Assignment: Scan the records beneath this line for the line holding "ওই স্ট্যাটাসে তারেক" and the line holding "Jawa Timur |", then transcribe exactly those two and all lines between.

Extracted records:
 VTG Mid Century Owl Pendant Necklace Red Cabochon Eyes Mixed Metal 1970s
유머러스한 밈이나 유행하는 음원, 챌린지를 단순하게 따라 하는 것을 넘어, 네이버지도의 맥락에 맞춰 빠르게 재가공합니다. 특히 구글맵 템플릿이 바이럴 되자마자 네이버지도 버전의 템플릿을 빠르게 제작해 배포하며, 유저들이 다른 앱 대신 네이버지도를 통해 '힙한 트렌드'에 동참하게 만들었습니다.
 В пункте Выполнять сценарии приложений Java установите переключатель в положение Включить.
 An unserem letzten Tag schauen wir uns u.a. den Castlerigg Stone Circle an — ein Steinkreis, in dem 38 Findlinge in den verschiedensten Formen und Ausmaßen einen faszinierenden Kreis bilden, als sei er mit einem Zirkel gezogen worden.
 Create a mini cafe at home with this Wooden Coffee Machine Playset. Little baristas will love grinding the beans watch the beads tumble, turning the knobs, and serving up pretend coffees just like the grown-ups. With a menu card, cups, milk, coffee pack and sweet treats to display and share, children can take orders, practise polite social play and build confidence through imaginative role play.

==

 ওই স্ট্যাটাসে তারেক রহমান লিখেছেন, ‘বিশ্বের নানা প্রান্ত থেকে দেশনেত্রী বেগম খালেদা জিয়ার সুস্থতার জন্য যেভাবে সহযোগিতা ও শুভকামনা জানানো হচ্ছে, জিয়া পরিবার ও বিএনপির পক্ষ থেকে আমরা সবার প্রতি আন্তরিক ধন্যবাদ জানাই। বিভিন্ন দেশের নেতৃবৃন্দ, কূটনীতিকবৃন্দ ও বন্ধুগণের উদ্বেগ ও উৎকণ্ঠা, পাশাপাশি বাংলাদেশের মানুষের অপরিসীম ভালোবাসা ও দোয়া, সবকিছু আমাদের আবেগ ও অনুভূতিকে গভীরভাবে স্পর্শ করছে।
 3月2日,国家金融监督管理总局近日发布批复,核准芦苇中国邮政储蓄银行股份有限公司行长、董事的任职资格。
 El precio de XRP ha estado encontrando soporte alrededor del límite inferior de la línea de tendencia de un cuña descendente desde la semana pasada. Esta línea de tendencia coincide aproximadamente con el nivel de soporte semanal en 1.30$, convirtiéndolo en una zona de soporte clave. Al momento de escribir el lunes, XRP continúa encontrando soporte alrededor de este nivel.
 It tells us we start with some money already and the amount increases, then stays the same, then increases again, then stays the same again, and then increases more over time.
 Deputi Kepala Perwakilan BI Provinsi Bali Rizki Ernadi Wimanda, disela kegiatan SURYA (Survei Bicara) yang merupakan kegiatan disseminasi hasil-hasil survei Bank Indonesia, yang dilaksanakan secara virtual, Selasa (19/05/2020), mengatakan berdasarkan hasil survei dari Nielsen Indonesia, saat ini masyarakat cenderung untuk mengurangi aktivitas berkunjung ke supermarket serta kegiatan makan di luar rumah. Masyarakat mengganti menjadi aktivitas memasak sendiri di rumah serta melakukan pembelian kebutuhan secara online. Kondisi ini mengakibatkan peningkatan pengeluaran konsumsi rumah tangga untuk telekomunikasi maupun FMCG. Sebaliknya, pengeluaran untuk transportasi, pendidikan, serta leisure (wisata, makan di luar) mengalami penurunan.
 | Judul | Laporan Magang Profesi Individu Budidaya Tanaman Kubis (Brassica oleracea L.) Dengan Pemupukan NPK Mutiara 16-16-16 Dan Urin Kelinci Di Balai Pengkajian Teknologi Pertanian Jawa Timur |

Expected answer:
 ওই স্ট্যাটাসে তারেক রহমান লিখেছেন, ‘বিশ্বের নানা প্রান্ত থেকে দেশনেত্রী বেগম খালেদা জিয়ার সুস্থতার জন্য যেভাবে সহযোগিতা ও শুভকামনা জানানো হচ্ছে, জিয়া পরিবার ও বিএনপির পক্ষ থেকে আমরা সবার প্রতি আন্তরিক ধন্যবাদ জানাই। বিভিন্ন দেশের নেতৃবৃন্দ, কূটনীতিকবৃন্দ ও বন্ধুগণের উদ্বেগ ও উৎকণ্ঠা, পাশাপাশি বাংলাদেশের মানুষের অপরিসীম ভালোবাসা ও দোয়া, সবকিছু আমাদের আবেগ ও অনুভূতিকে গভীরভাবে স্পর্শ করছে।
 3月2日,国家金融监督管理总局近日发布批复,核准芦苇中国邮政储蓄银行股份有限公司行长、董事的任职资格。
 El precio de XRP ha estado encontrando soporte alrededor del límite inferior de la línea de tendencia de un cuña descendente desde la semana pasada. Esta línea de tendencia coincide aproximadamente con el nivel de soporte semanal en 1.30$, convirtiéndolo en una zona de soporte clave. Al momento de escribir el lunes, XRP continúa encontrando soporte alrededor de este nivel.
 It tells us we start with some money already and the amount increases, then stays the same, then increases again, then stays the same again, and then increases more over time.
 Deputi Kepala Perwakilan BI Provinsi Bali Rizki Ernadi Wimanda, disela kegiatan SURYA (Survei Bicara) yang merupakan kegiatan disseminasi hasil-hasil survei Bank Indonesia, yang dilaksanakan secara virtual, Selasa (19/05/2020), mengatakan berdasarkan hasil survei dari Nielsen Indonesia, saat ini masyarakat cenderung untuk mengurangi aktivitas berkunjung ke supermarket serta kegiatan makan di luar rumah. Masyarakat mengganti menjadi aktivitas memasak sendiri di rumah serta melakukan pembelian kebutuhan secara online. Kondisi ini mengakibatkan peningkatan pengeluaran konsumsi rumah tangga untuk telekomunikasi maupun FMCG. Sebaliknya, pengeluaran untuk transportasi, pendidikan, serta leisure (wisata, makan di luar) mengalami penurunan.
 | Judul | Laporan Magang Profesi Individu Budidaya Tanaman Kubis (Brassica oleracea L.) Dengan Pemupukan NPK Mutiara 16-16-16 Dan Urin Kelinci Di Balai Pengkajian Teknologi Pertanian Jawa Timur |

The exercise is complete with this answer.